XDA spent the week pitting Gemma 4 against Qwen 3.5 on the same desktop, and the comments thread proved a quieter point: most readers already had a local-LLM stack running. The category has moved past hobbyist toys. Quantised 7B and 14B models are good enough for code review, summarisation, and routine writing, the new wave of mid-size MoE models has narrowed the gap to closed frontier models, and the apps that wrap llama.cpp have started to look like real software.
We tested 8 of the best apps for running local LLMs on Windows, macOS, and Linux. The benchmark was the boring stuff: how fast they get a model running on a Ryzen laptop, how cleanly they handle GPU offload on an RTX card, whether the chat UI is actually pleasant, and how much they break when the next big model drops. Pricing matters less than usual in this category since most of the strong options are free.

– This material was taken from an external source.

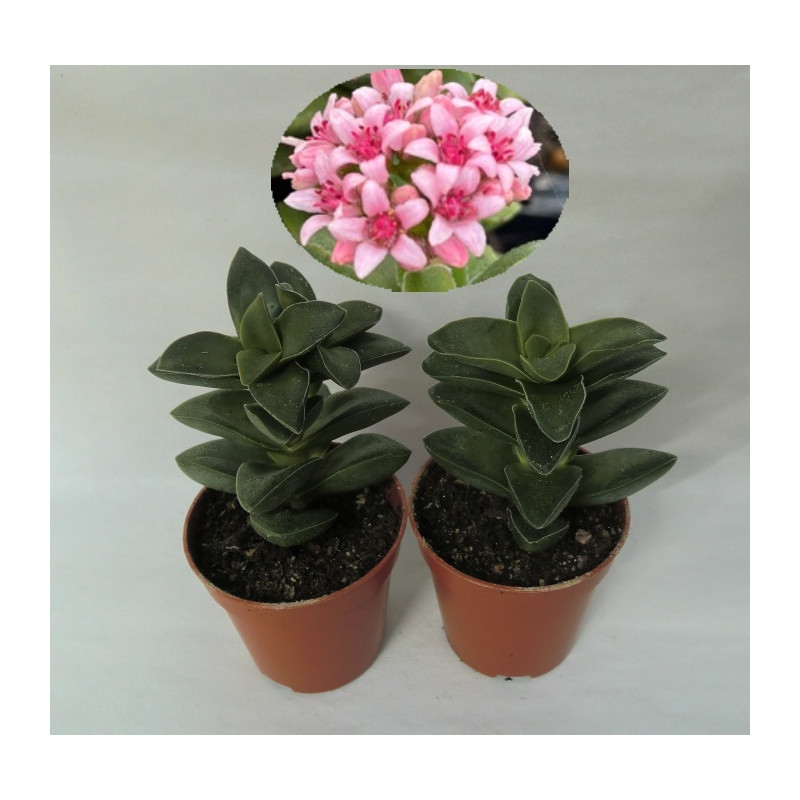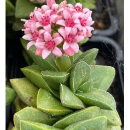 Tlustice, pomaleji rostoucí sukulentní rostlina s menšími, trojúhelníkovými listy v růžicích, které mají šedo zelenou barvu. Listy mohou mít v létě narůžovělé okraje. Husté shluky drobných hvězdicovitých květů na kratších stopkách jsou růžové. Expedujeme rostliny: Ø květináče 5,5cm.
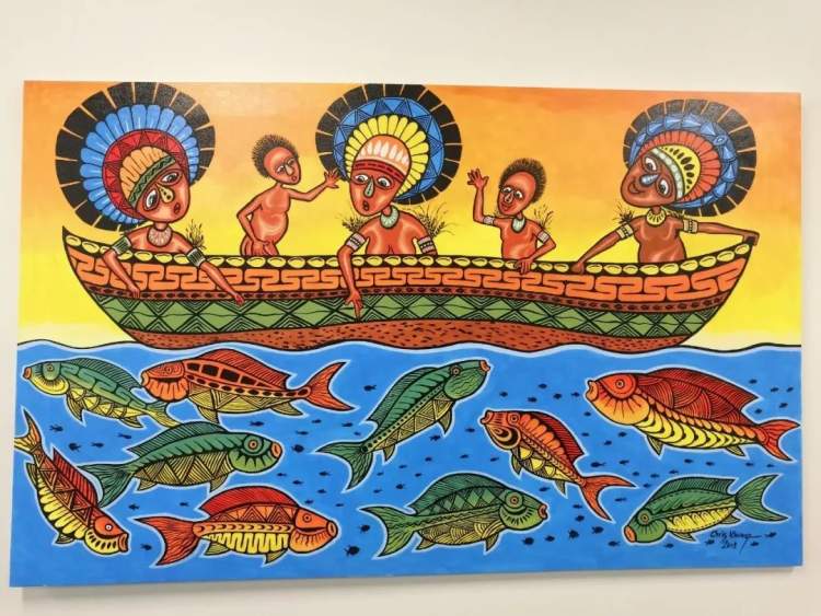 △注意到没有,会场的墙上挂着这幅当地的画作,主题是船。(央视记者杨立峰拍摄)

What to look for in a local-LLM app
A handful of criteria separate the tools that survive a week of daily use from the ones that get uninstalled:
- Backend portability. llama.cpp is the de facto runtime. Apps that wrap it cleanly get bug fixes for free. Apps that maintain their own forks lag behind on new model architectures.

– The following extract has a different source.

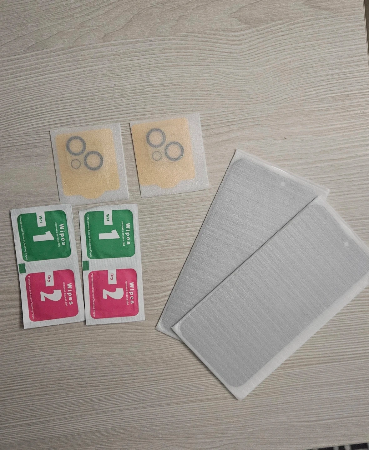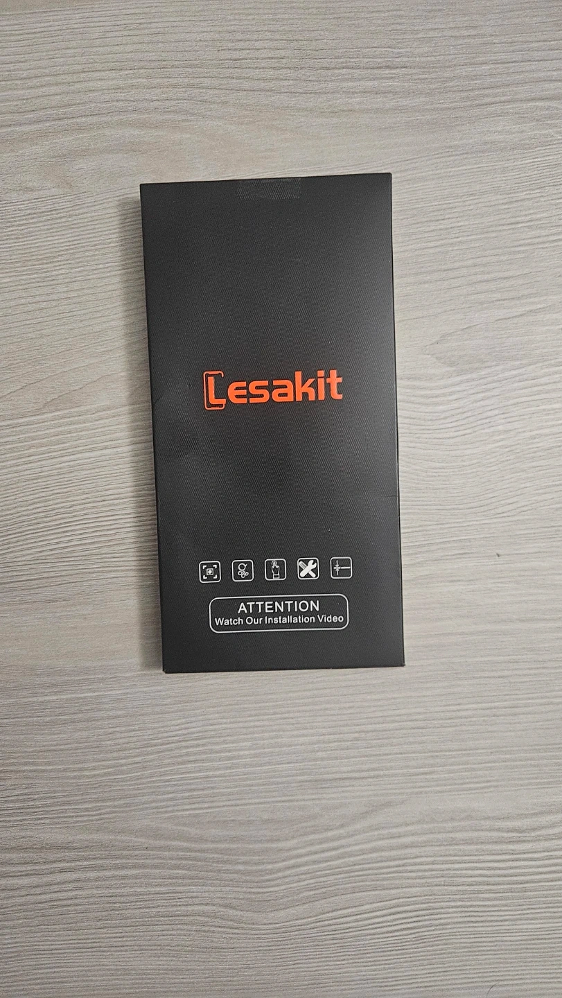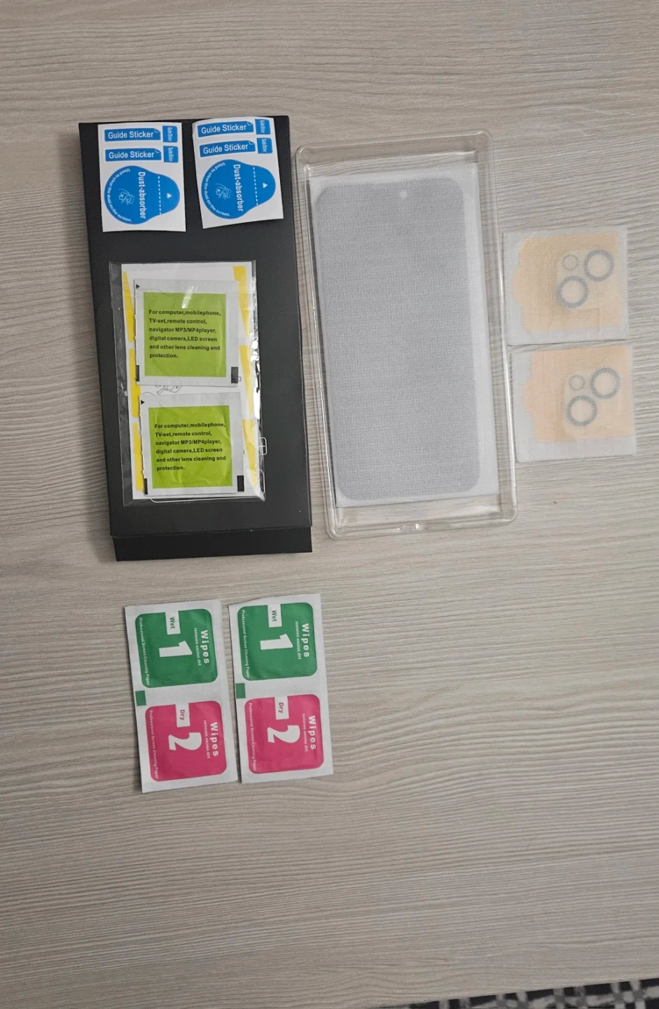 This is a Lesakit screen protector kit for IPhone 15 Plus with two protectors. It includes guide stickers, wet and dry wipes, and camera lens protectors. Offers protection for your device's screen and cameras.

- Quantisation support. GGUF is the format that actually ships. If an app cannot load a recent GGUF file, it is a dead end.
- GPU offload. CUDA on Nvidia, ROCm on AMD, Metal on Apple Silicon. The tools differ a lot in how much of each they actually use.
- Chat UI vs API. Some users want a polished chat window. Others want a local OpenAI-compatible endpoint to plug into editor extensions. The strongest apps offer both.
- Model discovery. Hugging Face is the catalogue. Apps that bake search and one-click download save real time.
- Privacy posture. Some of the apps run entirely offline. Others phone home for analytics by default and need a flag to stop.
Quick comparison
| App | Best for | Platforms | Free plan | Standout feature |
|---|---|---|---|---|
| Ollama | One-line installs and a CLI you can script | Windows, macOS, Linux | Yes (open source) | Drop-in OpenAI-compatible API on localhost |
| LM Studio | Polished chat UI with built-in model search | Windows, macOS, Linux | Yes (free for personal use) | Hugging Face integration with quant filtering |
| Jan | Fully open-source chat client that respects offline mode | Windows, macOS, Linux | Yes (open source) | No telemetry and a clean settings story |
| GPT4All | Lightweight chat for laptops without a GPU | Windows, macOS, Linux | Yes (open source) | CPU-first quants tuned for low-RAM machines |
| Msty | Multi-model split view for side-by-side comparisons | Windows, macOS, Linux | Yes (free tier) | Compare two local models in one window |
| Open WebUI | Self-hosted chat front end that runs in a browser | Docker (any OS) | Yes (open source) | Multi-user mode and per-chat model switching |
| Llamafile | Single executable per model, no installer | Windows, macOS, Linux | Yes (open source) | Run a model by double-clicking one file |
| Text Generation WebUI | Power-user playground with sampler tuning and extensions | Windows, macOS, Linux | Yes (open source) | Deepest control over generation parameters |
The 8 best apps for running local LLMs on desktop
1. Ollama — best one-line install for daily use
Ollama is the closest the category has to a default. A single installer drops a CLI and a background service, then ollama run llama3.2 pulls a quantised model and starts chatting. The same daemon exposes an OpenAI-compatible API on localhost:11434, which means every editor extension and notebook that speaks OpenAI works without changes. The model library covers most of the popular families with sensible default quants.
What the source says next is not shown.